Characterizing Traction Forces in Upstream-Migrating Hematopoietic-like KG1a Cells Under Shear Flow.

Unlabelled: Cell migration is critical to leukocyte function, enabling leukocytes to patrol tissues and respond to inflammatory cues. Upstream migration is a distinct form of cell motility which enables leukocytes to move against the direction of fluid flow on Intercellular Adhesion Molecule-1 (ICAM-1) surfaces. Upstream migration is mediated by the leukocyte integrin, Lymphocyte Function-Associated Antigen-1 (LFA-1). While this behavior has been observed across multiple immune cell types, the mechanical forces underlying upstream migration have not been measured. Here, we demonstrate the use of Traction Force Microscopy (TFM) to quantify spatiotemporal patterns of force generation during upstream migration of KG1a cells, a hematopoietic progenitor cell line that exhibits robust upstream migration on ICAM-1 functionalized hydrogels. Under static (no-flow) conditions, KG1a cells displayed random motility and traction profiles that varied with time. In contrast, cells exposed to shear flow generated persistent, polarized tractions aligned with the axis of migration. Population analysis showed that maximum RMS traction forces were significantly elevated during upstream migration compared to static conditions (mean: 428.5 ± 63.0 nN vs 220.8 ± 22.2 nN, p = 0.0078), as were average RMS forces (mean: 82.6 ± 12.9 nN vs 45.9 ± 4.4 nN, p = 0.0184), while minimum force values remained comparable between groups. These findings indicate a specific amplification of stresses required to overcome applied forces during upstream migration. By integrating single-cell and population-level force analyses, this study defines upstream migration as a mechanically reinforced state characterized by amplified, directionally coherent traction dynamics. Our methods enable future dissection of the molecular regulators that coordinate force generation with migration under flow.
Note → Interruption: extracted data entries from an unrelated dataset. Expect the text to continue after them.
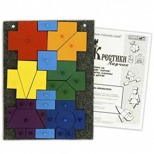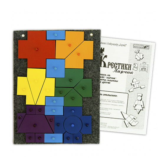 Состав: подложка (ковролин, крепление - липучка)– 1 шт.; детали игры – составные элементы крестика красного оранжевого, жёлтого, зелёного, голубого, синего цветов – 28 шт., каждая на липучке и с держателем «гвоздик», инструкция (А3, цв.), схемы конструирования.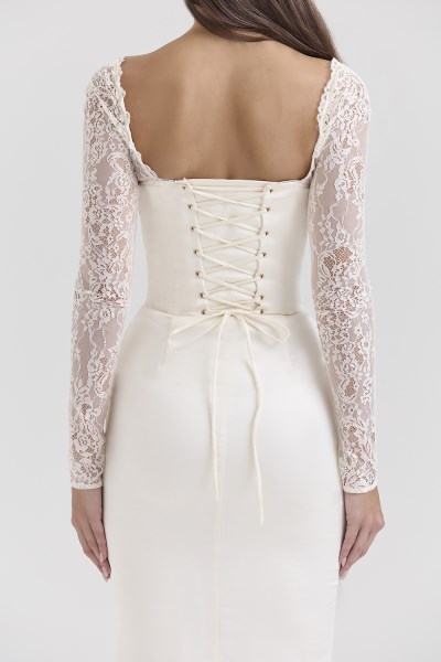 Step into a world of romance with ‘Perdi’, an exquisite satin maxi dress that captures the essence of timeless elegance. This breathtaking piece features a corseted bodice adorned with delicate lace cups, sculpting your figure into a stunning silhouette that exudes sophistication. The enchanting lace sleeves add a whimsical touch, while the intricately designed lace-up corset back ensures a perfect fit and a hint of allure. With a fitted silhouette that hugs your curves and a daring back split, this dress balances grace and boldness, allowing you to move with effortless elegance. Fully lined for your comfort, ‘Perdi’ is perfect for a range of occasions—from enchanting garden weddings to glamorous evening galas. With its captivating details and luxurious feel, this dress promises to make you the center of attention. And you can forget the fuss; this dress zips up the back for easy wear and feels just as sumptuous as it looks. For the perfect fit, our A-C cup girls will want to go for our ‘Regular Cup’ option, and our ‘Bigger Cup’ will best suit our D-E cup girls. WHERE TO WEAR: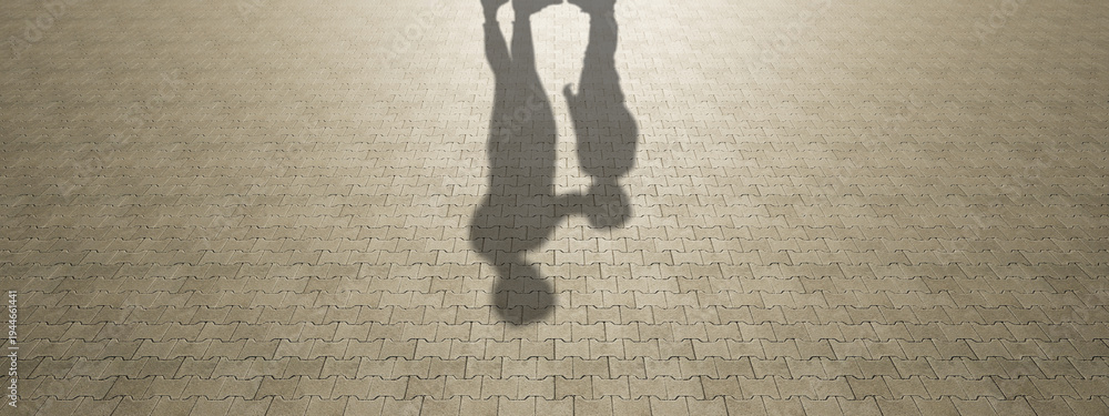 Concept or conceptual background of floor texture surface with a human shadow as silhouette. A 3d illustration metaphor to young childhood education, fun happy family child parent relationship design #1944661441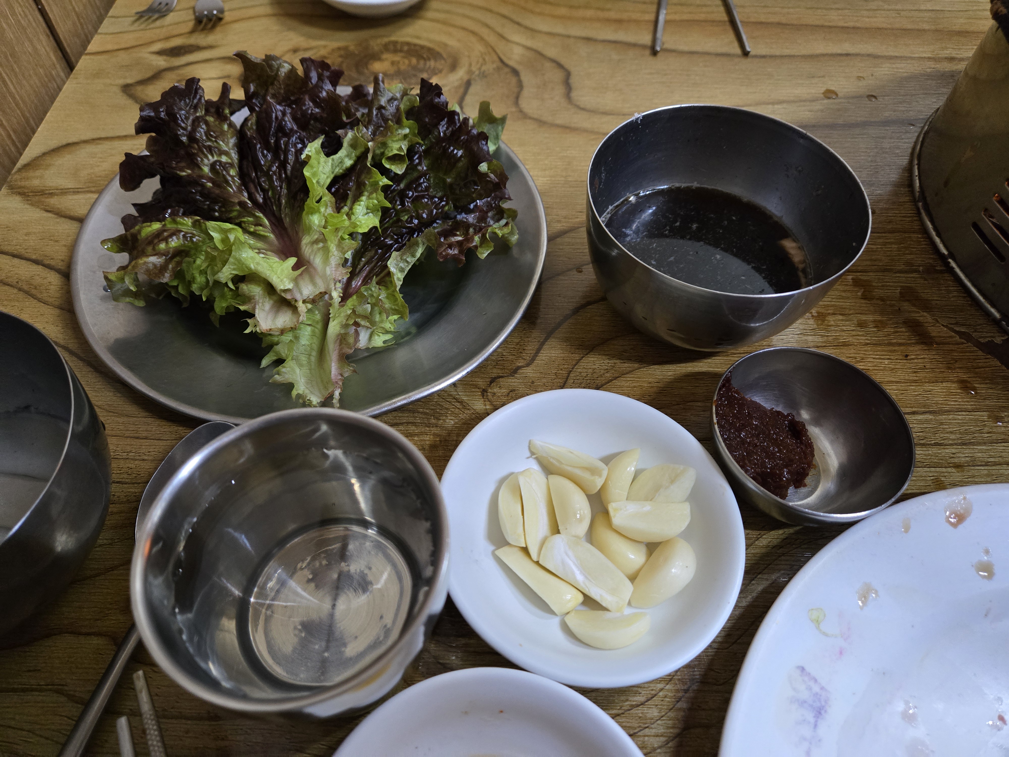 기본 반찬으로는 특제 간장 소스, 마늘, 쌈 채소, 파무침 등이 나왔어요~
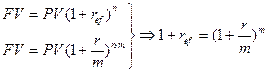 Эффективной называют ставку сложного процента при начислении процентов один раз в год, доставляющую тот же результат, что и номинальная ставка при начислении процентов m раз в год.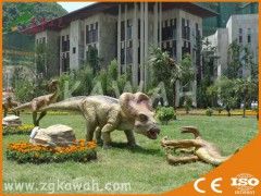 产品规格:(1)尺 寸:定做;(2)动 作:张嘴、眨眼、头部摆动、前肢摆动、腹部呼吸、尾巴摆动、仿真声效 3)启 动:红外线感应启动、声控启动、遥控启动、按键启动、程序启动;(4)颜 色:惯用色或按客户要求;(5)电 源:220V;(6)配 件:展示牌;(7)备 注:我们所生产的仿真恐龙或动物产品内部采用高质量钢结构造型、由直流电机控制动作、表皮采用高密度海绵,高档硅橡胶和环保漆,造型师手工造型。产品形象生动逼真,动作灵活。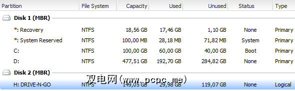正面和中央都是连接到计算机的磁盘。连接的驱动器列出为Disk1,Disk2等。在每个磁盘标题下,您将找到相应磁盘的所有分区及其属性。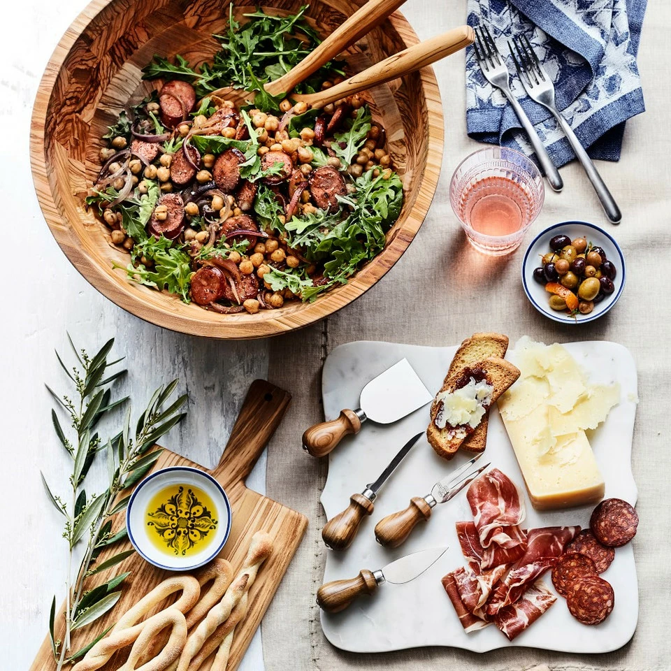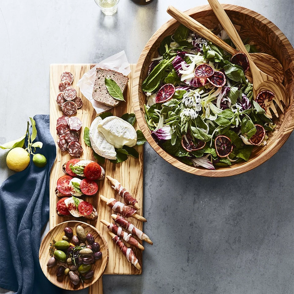 With its bold grain and richly varied colour, our Italian olivewood salad bowl makes an eye-catching backdrop for everything from tossed greens to fresh popcorn or pasta salad for a crowd. Artisans hand turn the bowl from end-cut rings of wood, showcasing the dramatic variations in tone and pattern that make every bowl one of a kind.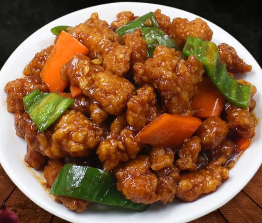 (4)锅中热油放入腌制好的里脊肉,炸至变色捞出控油,油温升高再放入里脊肉复炸一次,至表面金黄捞出。

Significance: Upstream migration is a critical yet poorly understood mode of immune cell motility. Here, we use traction force microscopy under physiologically relevant shear stresses to provide the first quantitative characterization of traction dynamics during upstream migration. We show that upstream migrating cells generate significantly greater average and peak forces than cells under static conditions, revealing a distinct mechanical program for directed migration against flow. These findings establish a platform for dissecting the molecular regulators of force generation in immune cells and set the stage for future perturbation-based studies aimed at understanding how mechanical forces shape immune cell trafficking and vascular navigation.